紫颜还待再呛声,蓦地瞥见她潘鬓淡霜微露,衣襟上泪迹初干,无言地点了点头。
长生走进蓉寿宫时,被照浪瞧见,他想上前阻拦,英公公说了句“太后召见”,把他撵了开来。照浪不知紫颜打的什么主意,又急又气,在宫外团团转,深恨那人把他的劝告当成了耳旁风。
长生犹疑地进了屋,看到紫颜悠然站立,立即愁眉舒展,乐呵呵地朝珠帘瞥了一眼,下跪道:“草民长生觐见太后。”
他跪着没有听到只言片语,唯有帘子玲珑响过,视线所及处,杏黄的锦缎上有龙在飞舞。
“这孩子真的有点像。”太后喃喃地道,“抬起头来。”
长生抬头。
到处是金灿灿的杏黄。他忽地搜出了鳞爪的记忆,想起烟云般渺茫的过往。玉勒金鞍,帘结彩绣,他从未见过这样的黄,却在初见时便泥足深陷。
那个神仙般的女子伸过手来,令他无端地心慌。恍如此刻,殿阁上杏黄遍地,一张似曾相识的面容对了他说:“抬起头来。”
如今他已不是从前的他,他记起了这张脸,那时忍心抛开他的她,一如当年般高高在上。
“我不是……”长生犹有恐惧,在与太后对视时仓皇摇手,像是要推开过去。
“是你!”太后抖着唇喊出这两字,目睹长生慌乱的模样,当日她的绝情顿时历历在目。
她半站起身,张开两臂迎向长生,柔声道:“你莫怕,慢慢走过来。娘……”她吐出半个音,看见长生眼中的胆怯,受惊似的把这个字咽了回去,轻咳一声,“我只想看看你。”
她不曾留意,此刻紫颜讥诮地遥望这一幕,那是宠辱皆忘的他罕见的神情。如果她的目光稍稍瞥转,或许能从眉尖眼底,望见他真实的心意。
长生鼻子一酸,瞬间涌上心的旧怨令他有想大哭的冲动,他站起身,走到太后面前。
“你的个子,远不及皇帝高。”她微笑着,滑落一串泪,见长生躲避她亲热的举动,轻唤道,“傻孩子,你一点也不记得了?你是五岁离宫的,那时你已懂得喊娘亲,懂得为我捏脊敲骨,尽管你的小手……一点使不上力气。”
长生拼命地摇头,他不记得,完全不记得这些。
太后像是想起什么,慌慌忙忙地返回帘后,摸索着抱出一团郁香浓烈的皮毛,展开成一件华贵的裘衣。

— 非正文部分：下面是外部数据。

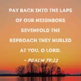 Pay back into the laps of our neighbors sevenfold the reproach they hurled at You, O Lord.

“祥云宝衣天下本只有一件,就藏在宫里,是先帝心爱之物。那件留给了当今皇帝,而这一件是娘特意寻来,想着有朝一日,我的明儿可以穿上。”她走过去,无视天气的凉暖,一心在他身上比划宝衣的大小。
长生心颤地望着那件宝衣,他记得这是紫颜救下獍狖后,用玄狐裘衣改制成的衣裳。千姿的确是把它送给了太后。温暖柔软的皮毛令他想起困兽獍狖,浑身簌簌发抖,那会是他的下场吗?被圈养在这身华衣里不得动弹。
他终于知道当年的自己,代替的竟是太后的长子。
“我不是……”长生猛地推开太后的手,仓皇地跪下,“我记得太后,也记得娘亲的脸,她是贫苦百姓,决不是太后这般尊崇身份!我……不过是当年被那狠心的女人抓来冒充的替身。”
“你说什么?”太后本已珠泪盈睫,闻言苍白的脸上鼓起了眼珠,厉声道,“你再说一遍!”

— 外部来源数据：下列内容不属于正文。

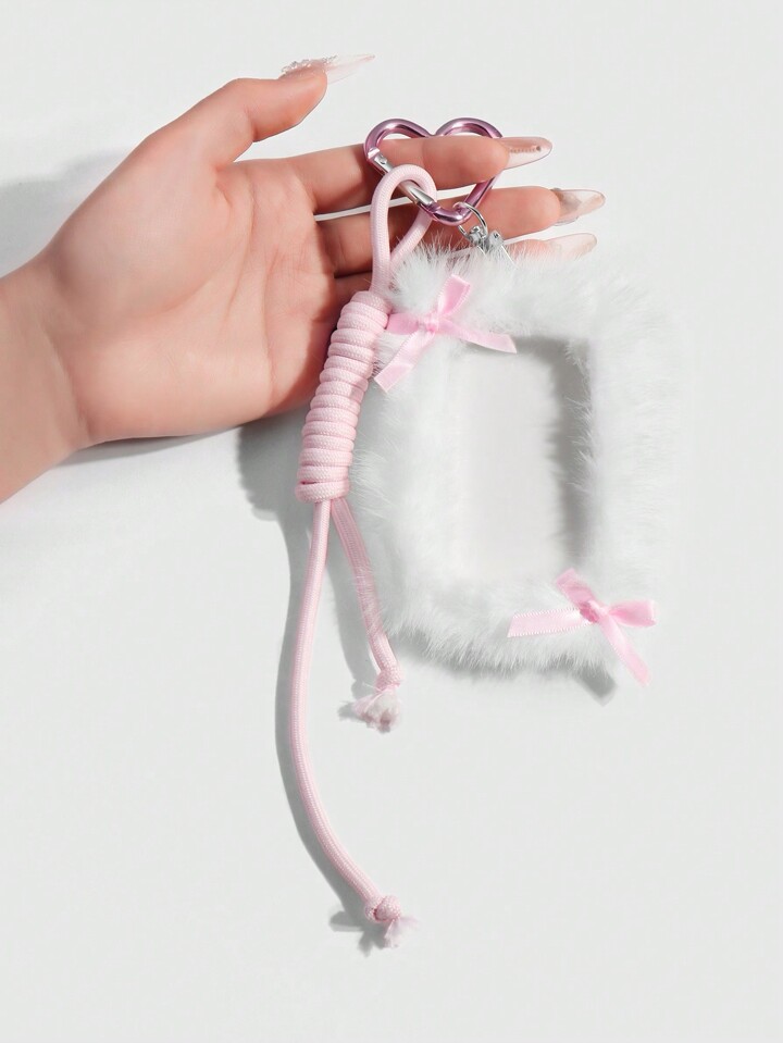 Kawaii 1pc Cute & Minimalistic White Plush Fabric Strap With Pink Ribbon Bow Adjustable Lanyard, Suitable For ID Card, Keys, Bag Decoration, Gift For Office Workers, Students, Daily Use

“我记得……我原在林子里看热闹,皇家仪仗,是我从未见过的堂皇。”长生惨然说道,幼时的点滴快要记不清了,那抹夺命的黄色却总抹不去。天翻地覆的改变,神仙般的女子。他低头掩面,隐隐又要憋不住泪。
“我被人毁了脸面,太后那时见了我,搂了我叫‘明儿’,我……我都记得……可是,我不是,我真的不是。我那时疼得不记得其他,只想有人来救我。”长生说着,想起幼年时的痛楚,浑身气力全无,几乎要瘫倒在地上。

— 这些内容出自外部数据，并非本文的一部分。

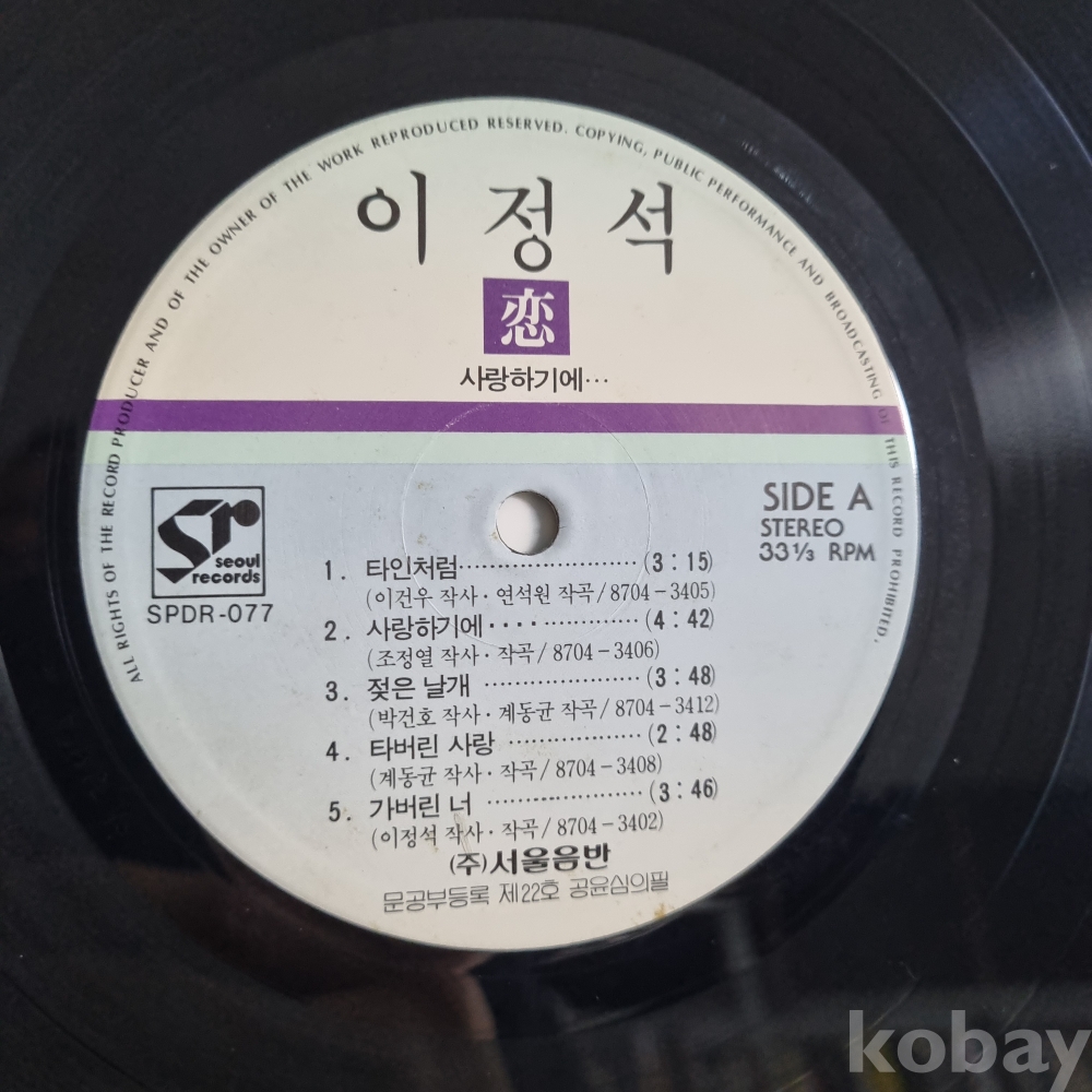 이정석 [사랑하기에.., 아스팔트 열기속에서] 서울음반

太后摸索着按住他,从他的脸、他的肩膀、手臂一一摸过去,纤瘦的手在抖。他不是,当年她搂在怀里下狠心抛弃的他,不是她亲生的儿。明儿去了何处?她恶声道:“你在容妃那里见着我的明儿了吗?你见到皇子打扮的一个孩子了吗?”
长生缓缓摇头,太后心神俱碎,伸手想要拽住他,终落了空。她忽然想起紫颜,撇头找寻他的踪迹,见他冷了一张冰雪玉面,遥遥地抱臂看着他们。
银河霄汉,迢迢难渡。
她忽想起和他的对话,什么神灵庇佑,都没有用。她原以为紫颜救了那个没脸面的少年,她的明儿就会回到身边,一切过错遗憾宛如没有发生。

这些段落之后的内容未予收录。